1. VCL, curvilinear velocity (Pm/s): Time-averaged velocity of a sperm head along its actual curvilinear path.
2. VSL, straight-line velocity (Pm/s): Time-averaged velocity of a sperm head along the straight line between its first and last detected position.
3. VAP, average path velocity (Pm/s): Time-averaged velocity of a sperm head along its average path.
4. ALH, amplitude of lateral head displacement (Pm): Magnitude of lateral displacement of a sperm head about its average path, either expressed as a maximum or an average.
Note that different CASA instruments compute ALH using different algorithms, so values may not be comparable between systems.
5. LIN, linearity: The linearity of a curvilinear path, VSL/VCL.
6. WOB, wobble: A measure of oscillation of the actual path about the average path, VAP/VCL.
7. STR, straightness: Linearity of the average path, VSL/VAP.

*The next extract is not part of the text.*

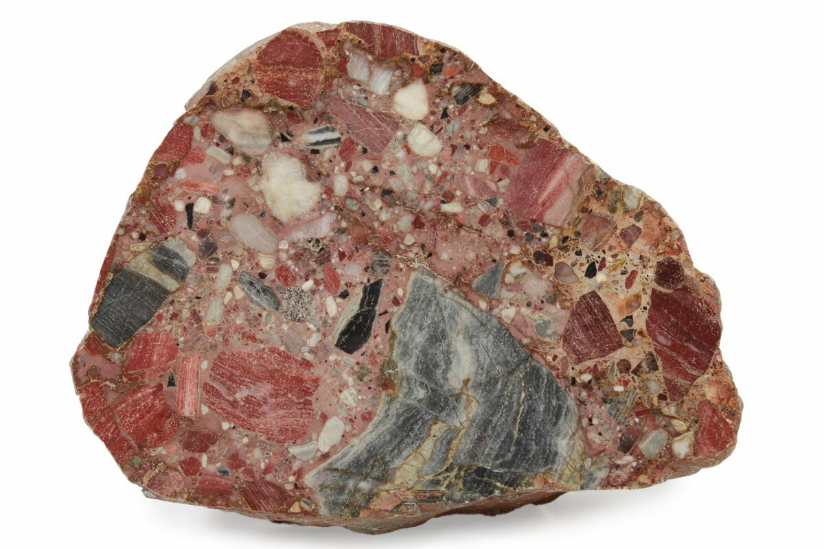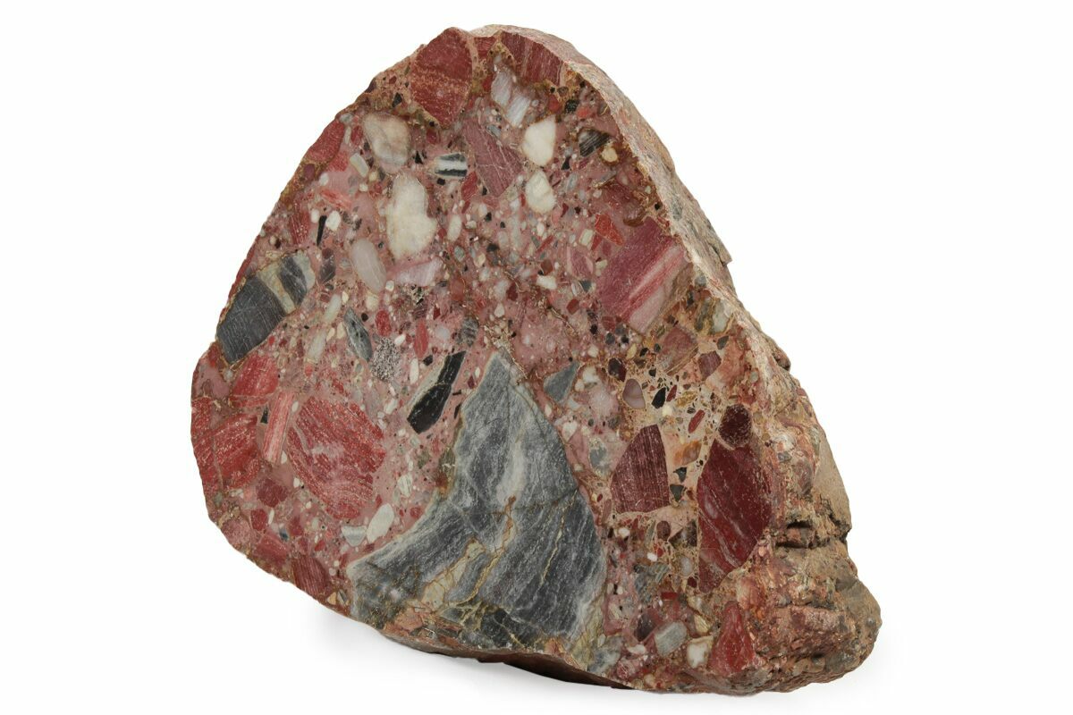 This is a large section of brecciated chert, collected from the Pinyalling Hills in the midwest region of Western Australia. One side has been cut flat and polished to a glossy finish. Chert breccia consists of innumerable angular fragments of assorted rock types. The dominant rock types associated in the mix are agate, jasper, chert, and hematite, and originates from a type of jasper that goes by the trade name Pinyalling jasper.
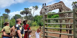 Tourists feed a giraffe named Kwale at the Bora Bora Wildlife Park in Diani, Kwale County. Tourism in the coast region has improved after the peaceful electioneering period.

8. BCF, beat-cross frequency (Hz): The average rate at which the curvilinear path crosses the average path.
9. MAD, mean angular displacement (degrees): The time-averaged absolute values of the instantaneous turning angle of the sperm head along its curvilinear trajectory.
CASA can also calculate the concentration of sperm within a sample. CASA is useful as it eliminates the variation between individual assessors of semen motility and concentration. However, the computer cannot distinguish between sperm and other cells or debris of a similar size, thus counting them as non-motile sperm. CASA is available in some assisted reproduction technology (ART) centres, but the extent of use and reliance ranges widely; its main use is within a research setting.